Bottom line: a high‑beta bet on Bitcoin and index politics

For November 20, 2025, the story around MSTR is clear but complicated:

  • The stock is near fresh 52‑week lows, and for the first time in this cycle appears to be trading at or below the market value of its enormous Bitcoin treasury.
  • MSCI’s proposed index changes and JPMorgan’s warning of multi‑billion‑dollar passive outflows have added a powerful structural overhang to an already volatile name.
  • At the same time, state pension funds and some top Wall Street analysts are leaning in, seeing MSTR as either a strategic Bitcoin proxy or a high‑conviction deep‑value play with triple‑digit upside potential.

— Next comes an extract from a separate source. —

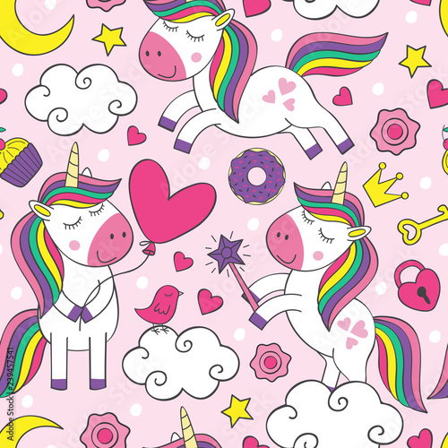 seamless pattern with beautiful little unicorns - vector illustration, eps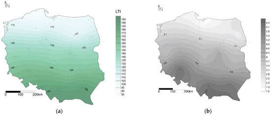 Spatial distribution of LTI (a) and changes during 10 years (b) in Poland (1966–2020).

For traders and investors, MSTR today is not a simple “tech stock”. It’s a leveraged, index‑entangled macro bet on:

  1. The future path of Bitcoin, and
  2. How index providers and regulators choose to treat corporate Bitcoin treasuries.

That combination can be enormously rewarding in bull markets and brutally painful in drawdowns, as the last few months have shown.

Disclaimer: This article is for informational and news purposes only and is not investment, tax, or legal advice. Always do your own research or consult a licensed professional before making investment decisions.